What the task asks: With every picture left out, restate the listing below exactly as written.

Source data:
[Start of Attachment]
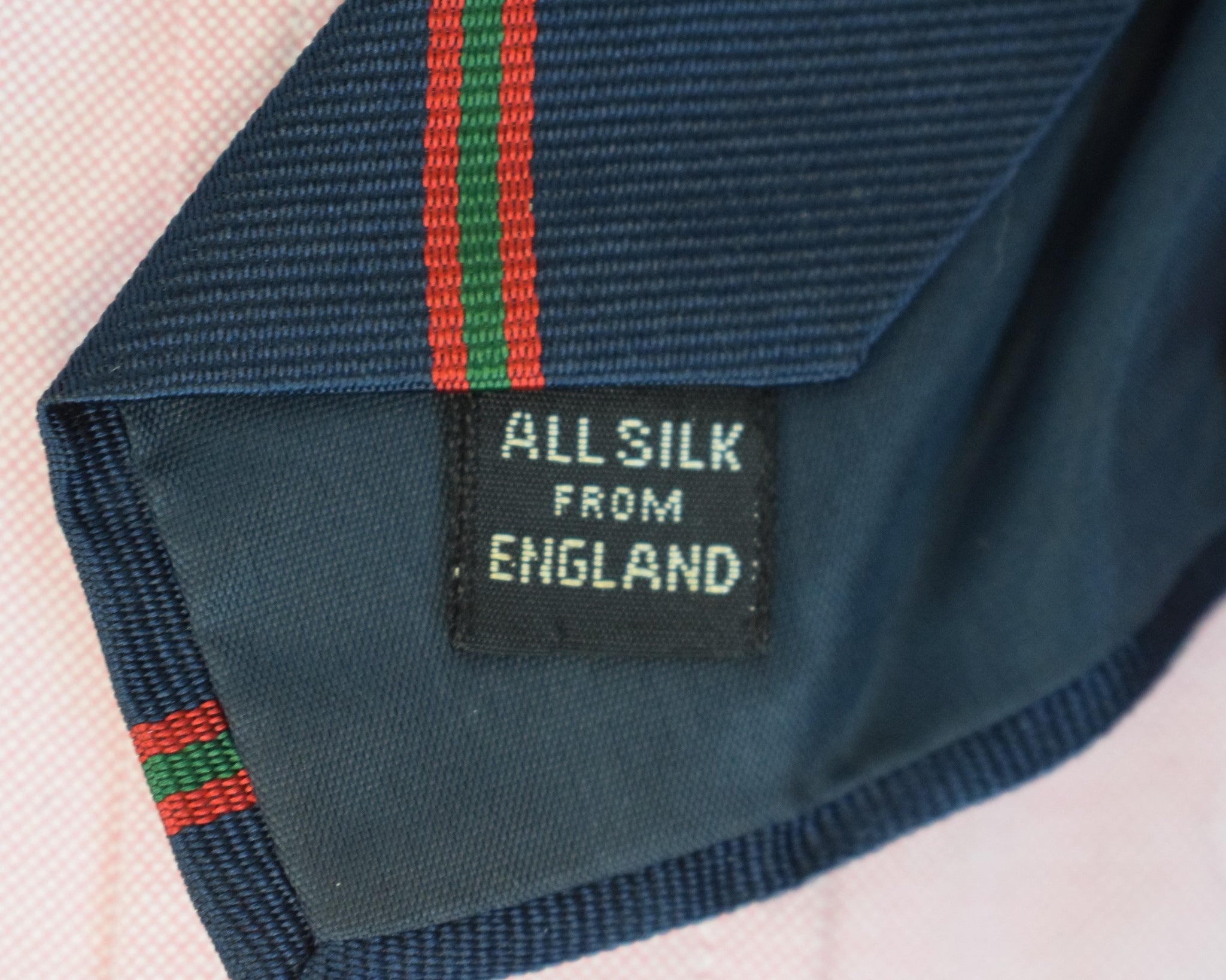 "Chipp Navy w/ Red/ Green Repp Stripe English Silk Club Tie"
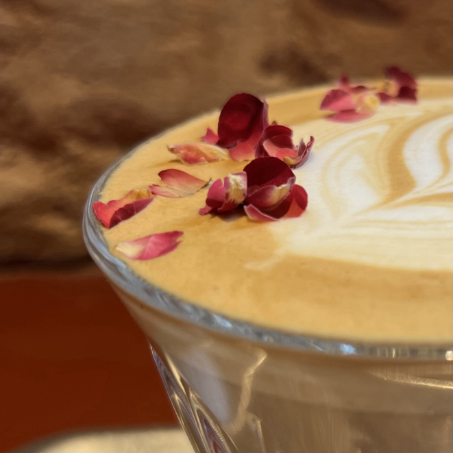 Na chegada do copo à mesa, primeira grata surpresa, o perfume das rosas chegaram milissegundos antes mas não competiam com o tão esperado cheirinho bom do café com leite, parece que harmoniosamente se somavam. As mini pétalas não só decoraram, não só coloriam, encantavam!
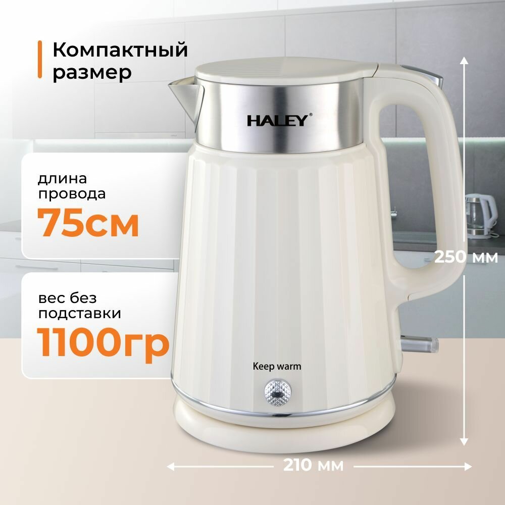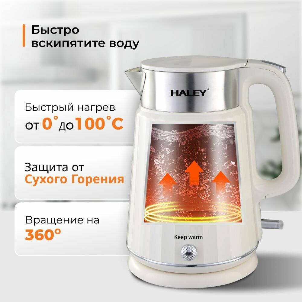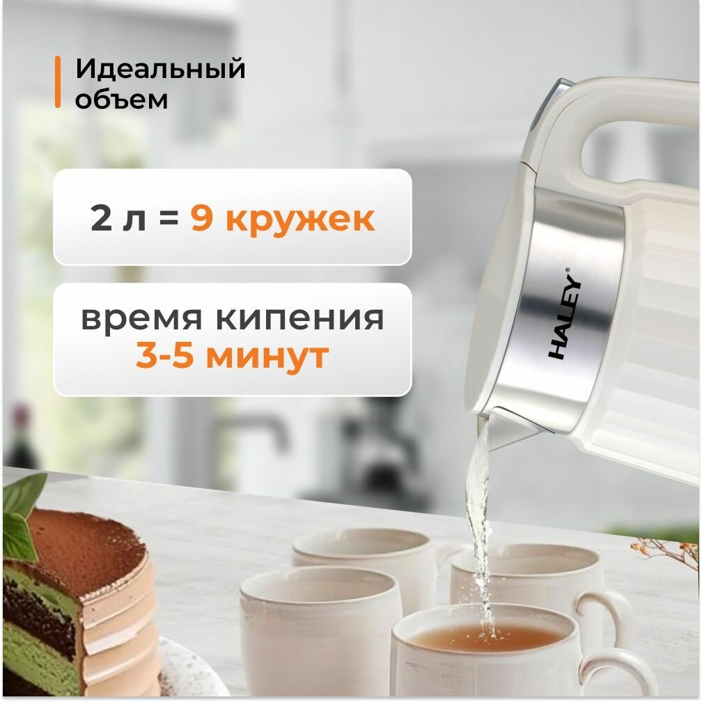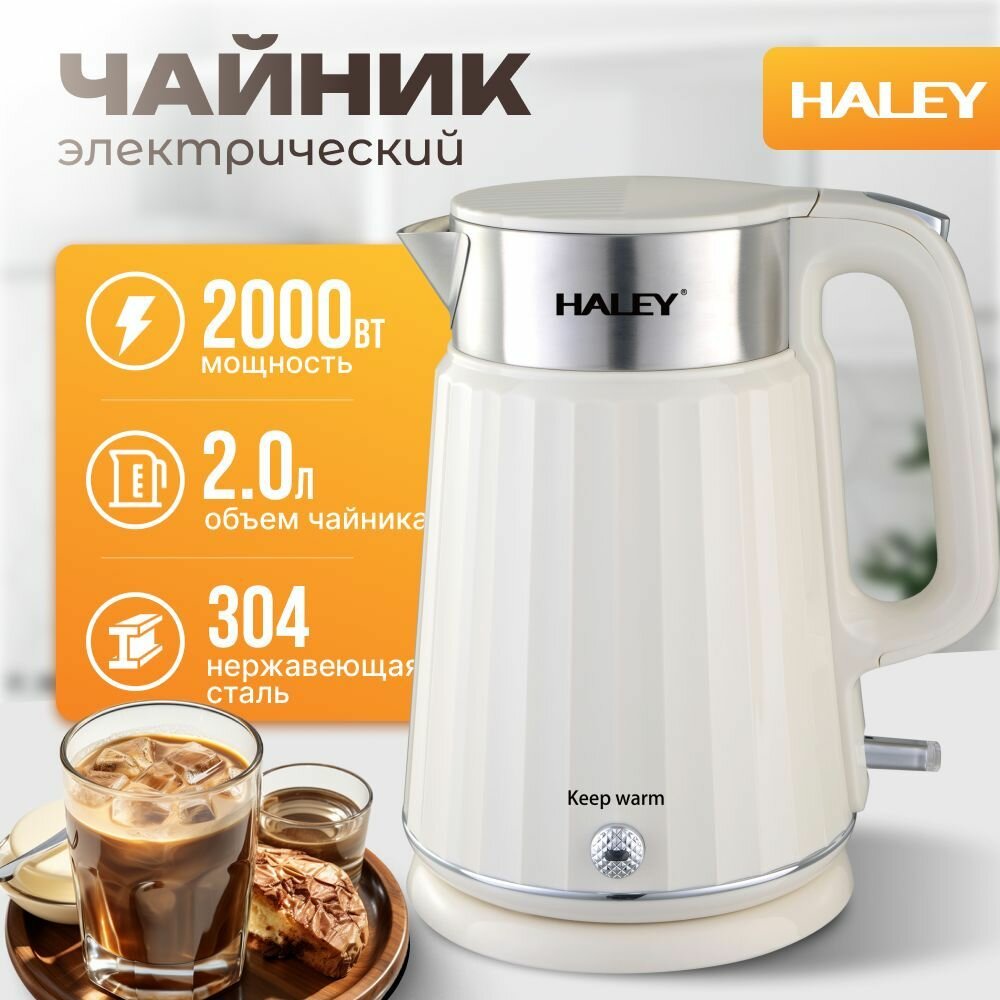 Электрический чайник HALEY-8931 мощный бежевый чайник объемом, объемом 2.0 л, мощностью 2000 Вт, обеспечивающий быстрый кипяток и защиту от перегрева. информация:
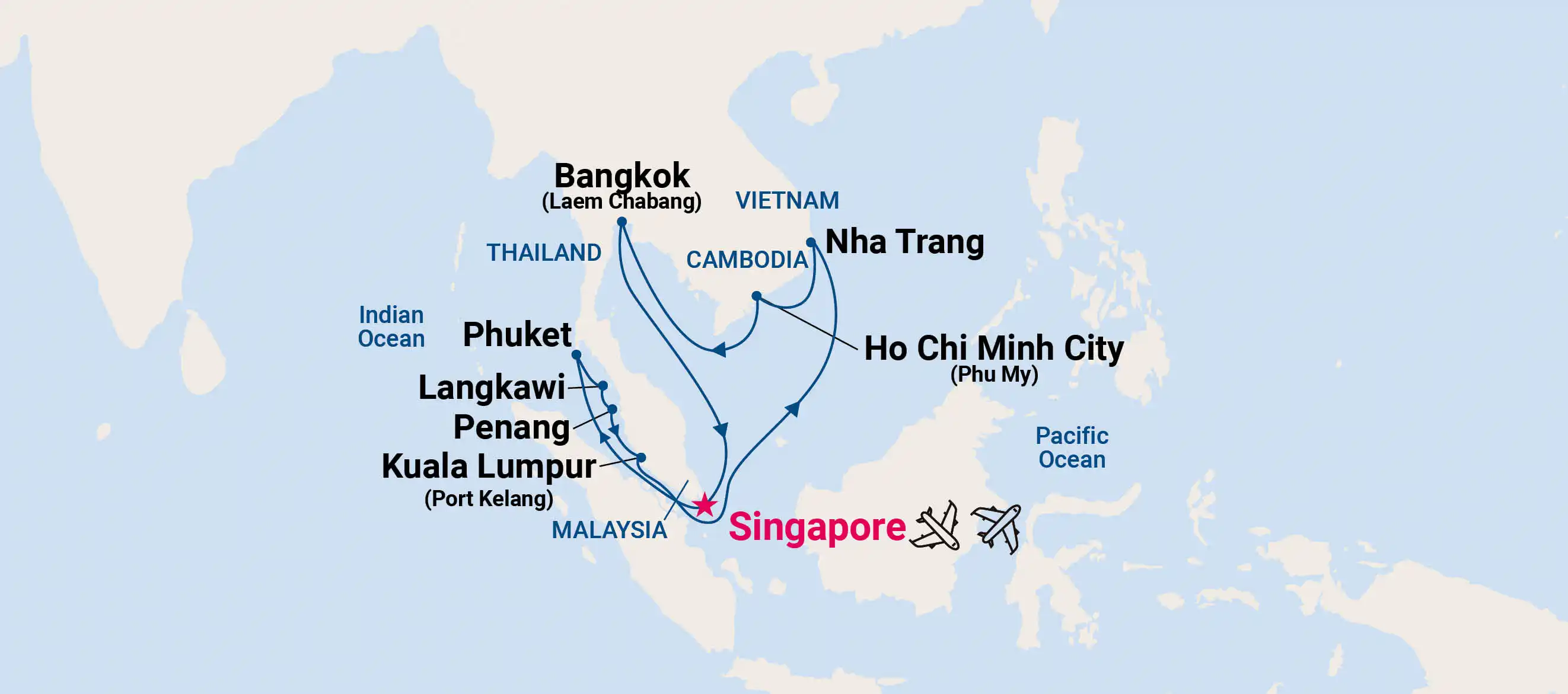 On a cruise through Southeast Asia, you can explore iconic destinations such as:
[End of Attachment]
Response box:
 "Chipp Navy w/ Red/ Green Repp Stripe English Silk Club Tie"
 Na chegada do copo à mesa, primeira grata surpresa, o perfume das rosas chegaram milissegundos antes mas não competiam com o tão esperado cheirinho bom do café com leite, parece que harmoniosamente se somavam. As mini pétalas não só decoraram, não só coloriam, encantavam!
 Электрический чайник HALEY-8931 мощный бежевый чайник объемом, объемом 2.0 л, мощностью 2000 Вт, обеспечивающий быстрый кипяток и защиту от перегрева. информация:
 On a cruise through Southeast Asia, you can explore iconic destinations such as:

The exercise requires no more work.